**Problem to solve**
Please restate the data below word for word, omitting all images.

(Stored entries)
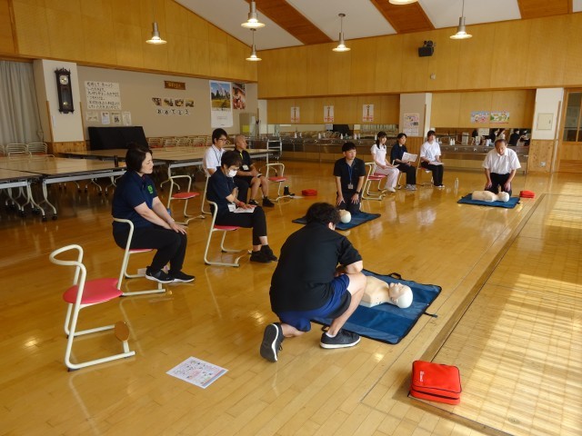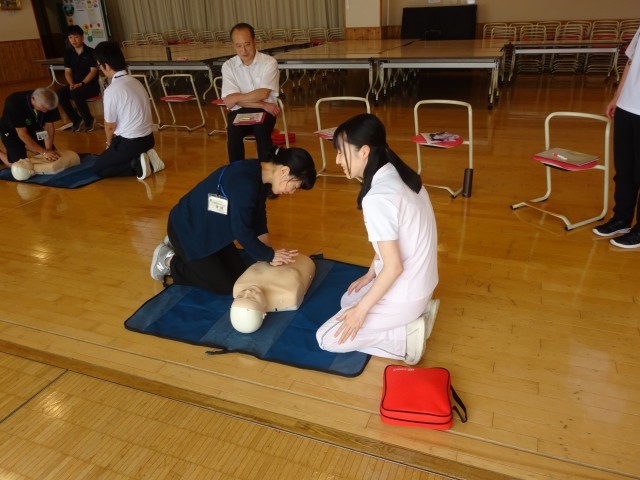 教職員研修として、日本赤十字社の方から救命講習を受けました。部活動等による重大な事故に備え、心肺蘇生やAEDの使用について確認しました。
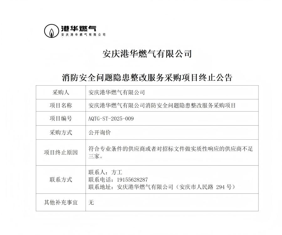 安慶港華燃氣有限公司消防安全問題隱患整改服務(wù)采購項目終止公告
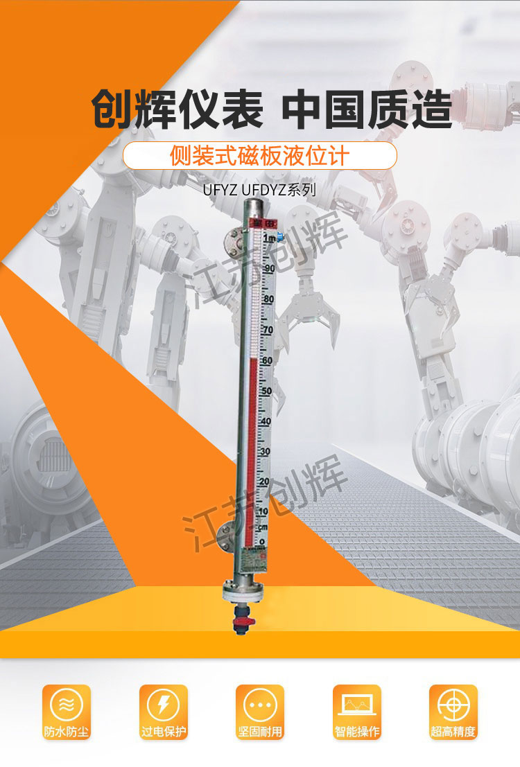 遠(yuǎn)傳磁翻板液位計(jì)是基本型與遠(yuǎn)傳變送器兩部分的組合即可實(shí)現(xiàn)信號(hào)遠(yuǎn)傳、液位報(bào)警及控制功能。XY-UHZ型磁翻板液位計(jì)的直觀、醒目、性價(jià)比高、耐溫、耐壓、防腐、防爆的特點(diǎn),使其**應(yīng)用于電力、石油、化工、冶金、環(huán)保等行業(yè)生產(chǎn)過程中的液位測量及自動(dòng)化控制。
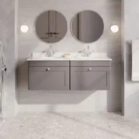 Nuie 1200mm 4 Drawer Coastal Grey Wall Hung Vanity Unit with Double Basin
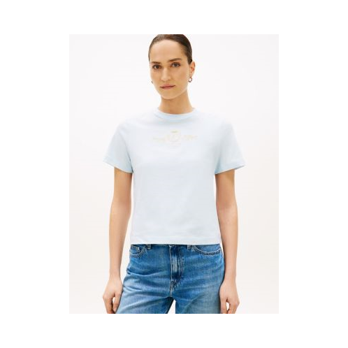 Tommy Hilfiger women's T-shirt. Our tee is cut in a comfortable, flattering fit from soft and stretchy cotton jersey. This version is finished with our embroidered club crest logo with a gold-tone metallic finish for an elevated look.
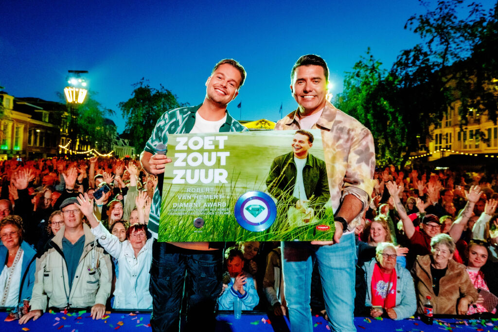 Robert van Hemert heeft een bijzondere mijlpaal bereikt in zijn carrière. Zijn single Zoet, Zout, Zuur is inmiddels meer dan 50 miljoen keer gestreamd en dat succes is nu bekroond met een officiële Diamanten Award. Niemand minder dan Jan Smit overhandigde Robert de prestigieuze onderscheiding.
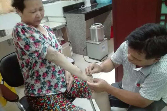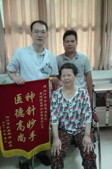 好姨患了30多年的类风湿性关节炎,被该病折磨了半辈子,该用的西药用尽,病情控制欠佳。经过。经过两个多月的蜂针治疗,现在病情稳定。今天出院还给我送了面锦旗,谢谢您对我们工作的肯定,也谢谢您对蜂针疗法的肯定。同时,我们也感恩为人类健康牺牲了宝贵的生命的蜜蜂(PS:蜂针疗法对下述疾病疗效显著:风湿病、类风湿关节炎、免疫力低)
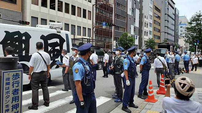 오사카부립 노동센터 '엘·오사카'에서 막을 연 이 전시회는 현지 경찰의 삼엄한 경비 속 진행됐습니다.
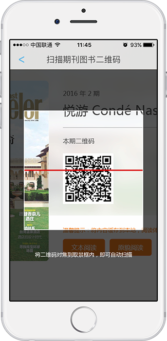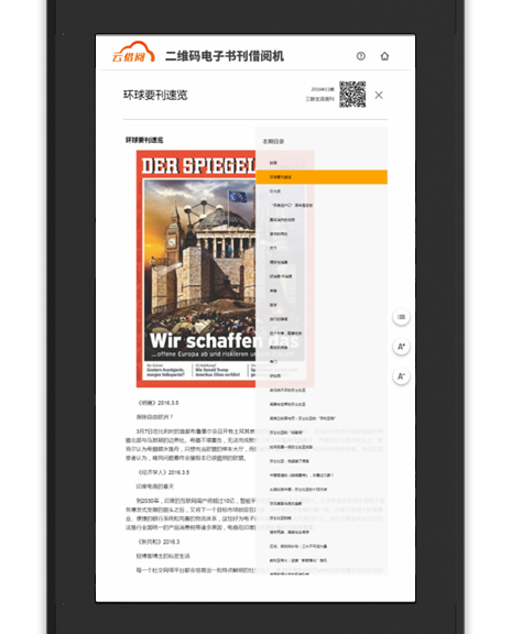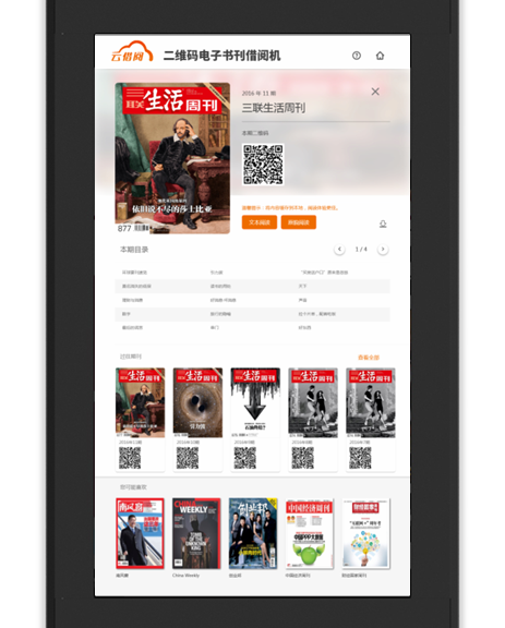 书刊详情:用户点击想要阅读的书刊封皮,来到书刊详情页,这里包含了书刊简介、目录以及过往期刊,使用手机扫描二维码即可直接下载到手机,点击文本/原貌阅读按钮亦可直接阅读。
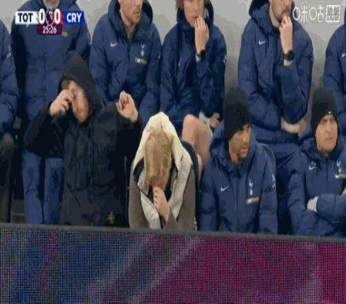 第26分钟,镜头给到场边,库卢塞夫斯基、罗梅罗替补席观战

**Answer section**
 教職員研修として、日本赤十字社の方から救命講習を受けました。部活動等による重大な事故に備え、心肺蘇生やAEDの使用について確認しました。
 安慶港華燃氣有限公司消防安全問題隱患整改服務(wù)采購項目終止公告
 遠(yuǎn)傳磁翻板液位計(jì)是基本型與遠(yuǎn)傳變送器兩部分的組合即可實(shí)現(xiàn)信號(hào)遠(yuǎn)傳、液位報(bào)警及控制功能。XY-UHZ型磁翻板液位計(jì)的直觀、醒目、性價(jià)比高、耐溫、耐壓、防腐、防爆的特點(diǎn),使其**應(yīng)用于電力、石油、化工、冶金、環(huán)保等行業(yè)生產(chǎn)過程中的液位測量及自動(dòng)化控制。
 Nuie 1200mm 4 Drawer Coastal Grey Wall Hung Vanity Unit with Double Basin
 Tommy Hilfiger women's T-shirt. Our tee is cut in a comfortable, flattering fit from soft and stretchy cotton jersey. This version is finished with our embroidered club crest logo with a gold-tone metallic finish for an elevated look.
 Robert van Hemert heeft een bijzondere mijlpaal bereikt in zijn carrière. Zijn single Zoet, Zout, Zuur is inmiddels meer dan 50 miljoen keer gestreamd en dat succes is nu bekroond met een officiële Diamanten Award. Niemand minder dan Jan Smit overhandigde Robert de prestigieuze onderscheiding.
 好姨患了30多年的类风湿性关节炎,被该病折磨了半辈子,该用的西药用尽,病情控制欠佳。经过。经过两个多月的蜂针治疗,现在病情稳定。今天出院还给我送了面锦旗,谢谢您对我们工作的肯定,也谢谢您对蜂针疗法的肯定。同时,我们也感恩为人类健康牺牲了宝贵的生命的蜜蜂(PS:蜂针疗法对下述疾病疗效显著:风湿病、类风湿关节炎、免疫力低)
 오사카부립 노동센터 '엘·오사카'에서 막을 연 이 전시회는 현지 경찰의 삼엄한 경비 속 진행됐습니다.
 书刊详情:用户点击想要阅读的书刊封皮,来到书刊详情页,这里包含了书刊简介、目录以及过往期刊,使用手机扫描二维码即可直接下载到手机,点击文本/原貌阅读按钮亦可直接阅读。
 第26分钟,镜头给到场边,库卢塞夫斯基、罗梅罗替补席观战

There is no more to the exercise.